Required action -
Write out each line below precisely, passing over the pictures.

Dataset excerpt -
==========

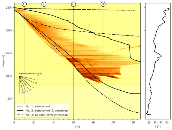 Moving target identification plot of avalanche #0019. The GEODAR data are shown in the background. Black lines give the front and tail position extracted from the simulations. No optimization of parameters has been conducted for this avalanche, but material and model parameters are taken from optimization to avalanche #0017 in Figure 4. Simulation no. 1 solely includes entrainment, simulation no. 2 includes entrainment and deposition, vertical lines correspond to the snapshots (E–H) in Figure 6. Simulation no. 3 is drawn as reference without entrainment and deposition. The slope angle along the line of steepest descend is shown in the right panel. A velocity legend is included for quick translation of front inclination to approach velocity. Black lines represent the front and tail position extracted from simulations (Section 3).
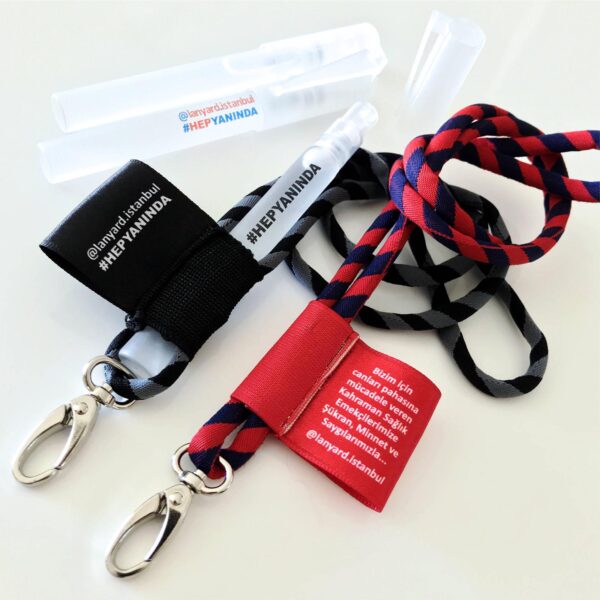 Cylindirical lanyard woven in two colors with an elastic pocket for a 8ml spray pen sanitizer. Logo imprint on the label. Since the sanitizers became a part of our daily life for a while, our lanyards were designed to provide you the fastest access when it’s needed. Easy to carry hanging on your neck.
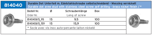 DURABLE DOT Нижняя часть кнопки на шурупе с буром ART.-NR. 814040
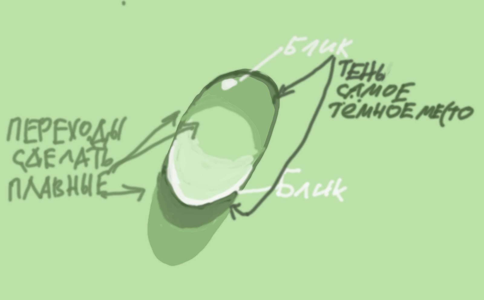[320x220]Берём тон краски темнее фона и рисуем форму капли. Верхняя часть линии останется такой же тонкой. А нижнюю надо увеличить на ширину диаметра капли, это её тень.

==========

Answer to the exercise -
 Moving target identification plot of avalanche #0019. The GEODAR data are shown in the background. Black lines give the front and tail position extracted from the simulations. No optimization of parameters has been conducted for this avalanche, but material and model parameters are taken from optimization to avalanche #0017 in Figure 4. Simulation no. 1 solely includes entrainment, simulation no. 2 includes entrainment and deposition, vertical lines correspond to the snapshots (E–H) in Figure 6. Simulation no. 3 is drawn as reference without entrainment and deposition. The slope angle along the line of steepest descend is shown in the right panel. A velocity legend is included for quick translation of front inclination to approach velocity. Black lines represent the front and tail position extracted from simulations (Section 3).
 Cylindirical lanyard woven in two colors with an elastic pocket for a 8ml spray pen sanitizer. Logo imprint on the label. Since the sanitizers became a part of our daily life for a while, our lanyards were designed to provide you the fastest access when it’s needed. Easy to carry hanging on your neck.
 DURABLE DOT Нижняя часть кнопки на шурупе с буром ART.-NR. 814040
[320x220]Берём тон краски темнее фона и рисуем форму капли. Верхняя часть линии останется такой же тонкой. А нижнюю надо увеличить на ширину диаметра капли, это её тень.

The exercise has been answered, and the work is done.